THE TASK
Your copy should match the listing below exactly, except that it holds no images.

RECORDS SHOWN
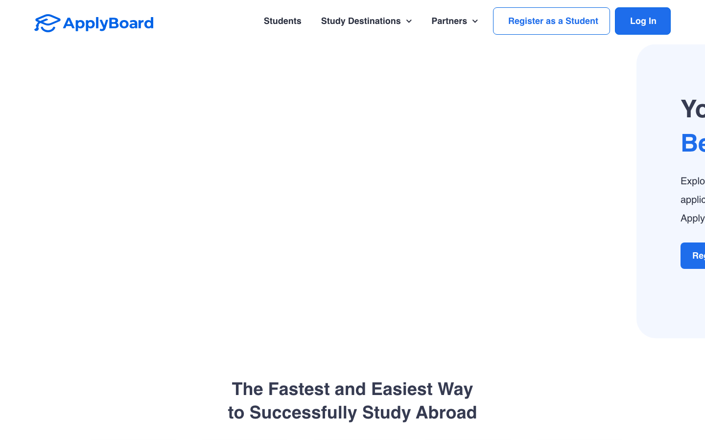 ApplyBoard employs a trustworthy academic aesthetic with crisp blue as the authority color and Montserrat/Open Sans typography that balances institutional credibility with approachable guidance. The design radiates educational professionalism through generous whitespace and clean component hierarchy, targeting students who need reliable guidance for life-changing study abroad decisions.
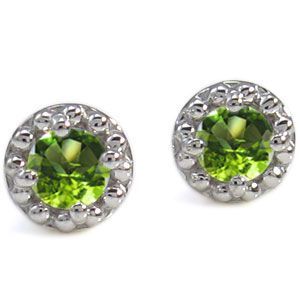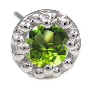 ミル打ち ピアス 一粒 ピアス ペリドット K10
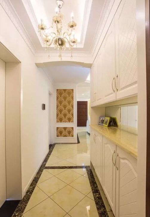 入户玄关处,定制了一个白色的置顶玄关柜,下面可以收纳鞋子,中间留出空间可以用来摆放一些装饰品,放置钥匙、包包等,非常实用。过道的水晶吊灯,很是精美,在灯光的照射下,让空间更加温馨。
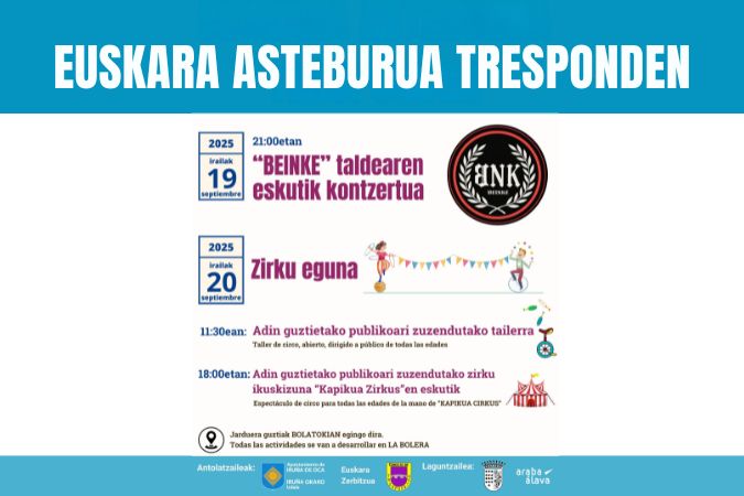 Irailak 19 21:00etan “BEINKE” taldearen eskutik kontzertua Irailak 20 | Zirku eguna 11:30ean: Adin guztietako publikoari zuzendutako tailerra. Taller de circo, abierto, dirigido a público de todas las edades. 18:00etan: […]
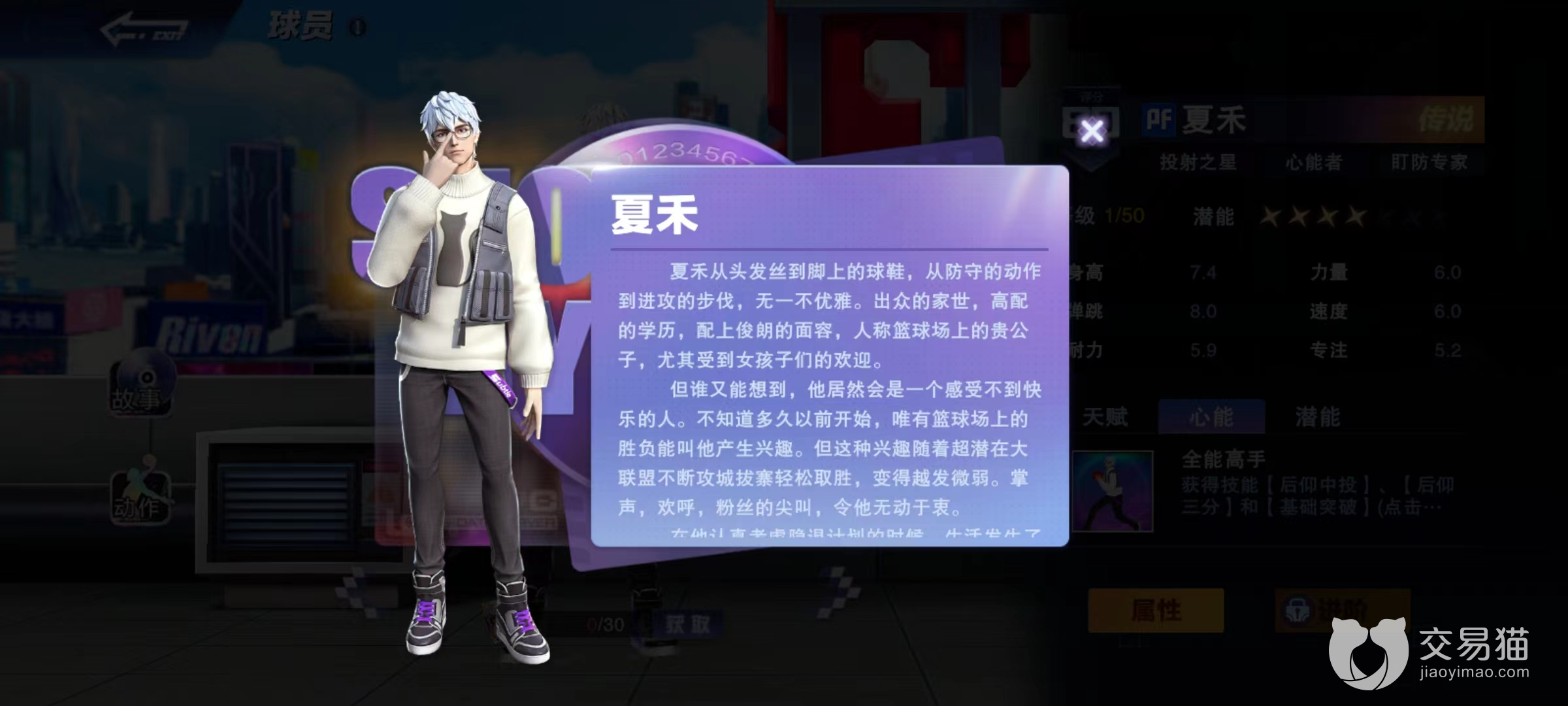 夏禾这名球员所属的位置是大前锋,在属性方面拥有很好的弹跳力和耐力,力量速度方面也极其优秀,而且作为一名传说级球员,属性成长完全不需要担心。自身天赋柔和手感,能够提高投篮命中率,心能技能全能高手,效果是可以获得后仰中投和后仰三分这两个超强的得分手段。同时能提高移动速度以及三分有效射程,这是一个可以持续到比赛时间结束的效果。
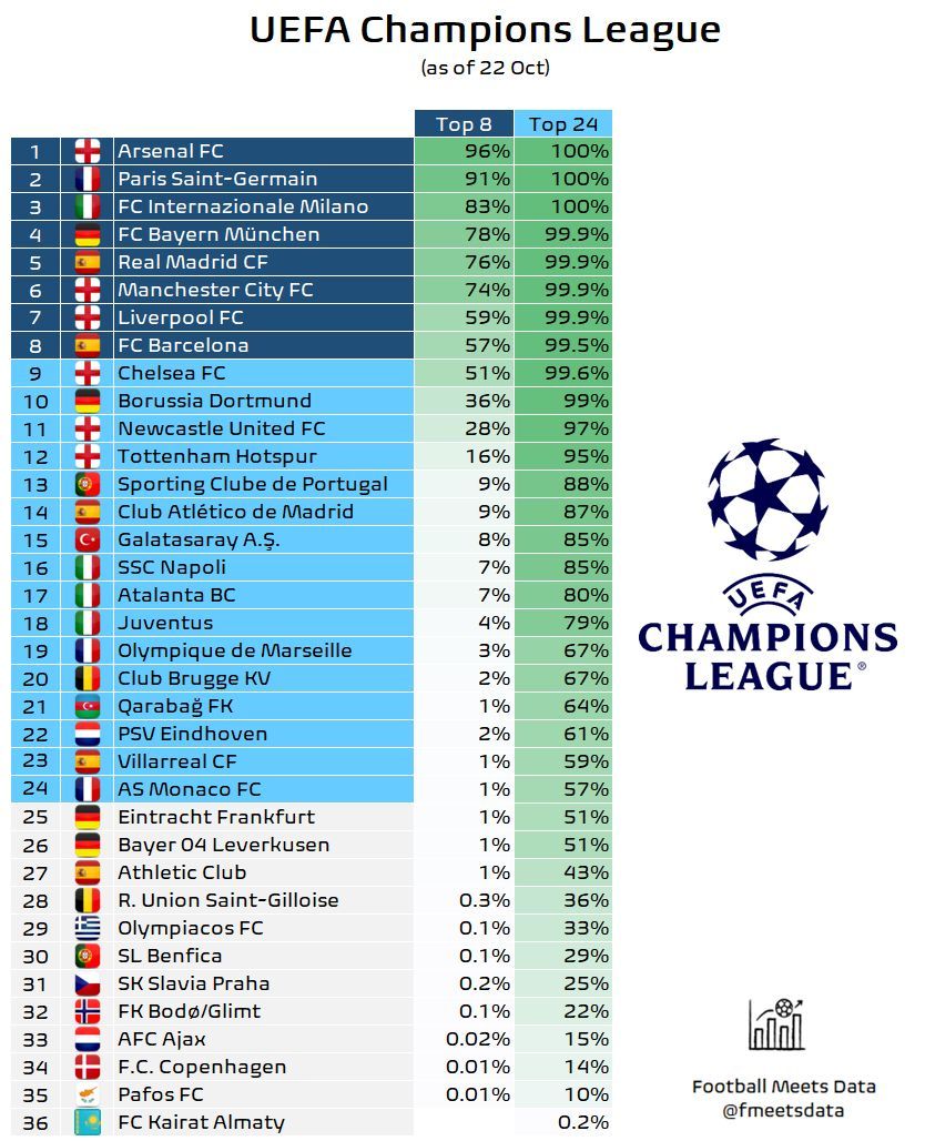 Η ομάδα του Χουάν Κάρλος Καρσέδο, αν και παρέμεινε αήττητη για δεύτερη συνεχόμενη εκτός έδρας αναμέτρηση σε αυτή τη φάση, είδε τις πιθανότητες πρόκρισης να υποχωρούν από το 16% στο 10%, με βάση τα δεδομένα που συνυπολογίζει ο αλγόριθμος. Παράλληλα, η Πάφος FC πήγε στη 29η θέση της συνολικής κατάταξης.

RESPONSE FOR THIS EXERCISE
 ApplyBoard employs a trustworthy academic aesthetic with crisp blue as the authority color and Montserrat/Open Sans typography that balances institutional credibility with approachable guidance. The design radiates educational professionalism through generous whitespace and clean component hierarchy, targeting students who need reliable guidance for life-changing study abroad decisions.
 ミル打ち ピアス 一粒 ピアス ペリドット K10
 入户玄关处,定制了一个白色的置顶玄关柜,下面可以收纳鞋子,中间留出空间可以用来摆放一些装饰品,放置钥匙、包包等,非常实用。过道的水晶吊灯,很是精美,在灯光的照射下,让空间更加温馨。
 Irailak 19 21:00etan “BEINKE” taldearen eskutik kontzertua Irailak 20 | Zirku eguna 11:30ean: Adin guztietako publikoari zuzendutako tailerra. Taller de circo, abierto, dirigido a público de todas las edades. 18:00etan: […]
 夏禾这名球员所属的位置是大前锋,在属性方面拥有很好的弹跳力和耐力,力量速度方面也极其优秀,而且作为一名传说级球员,属性成长完全不需要担心。自身天赋柔和手感,能够提高投篮命中率,心能技能全能高手,效果是可以获得后仰中投和后仰三分这两个超强的得分手段。同时能提高移动速度以及三分有效射程,这是一个可以持续到比赛时间结束的效果。
 Η ομάδα του Χουάν Κάρλος Καρσέδο, αν και παρέμεινε αήττητη για δεύτερη συνεχόμενη εκτός έδρας αναμέτρηση σε αυτή τη φάση, είδε τις πιθανότητες πρόκρισης να υποχωρούν από το 16% στο 10%, με βάση τα δεδομένα που συνυπολογίζει ο αλγόριθμος. Παράλληλα, η Πάφος FC πήγε στη 29η θέση της συνολικής κατάταξης.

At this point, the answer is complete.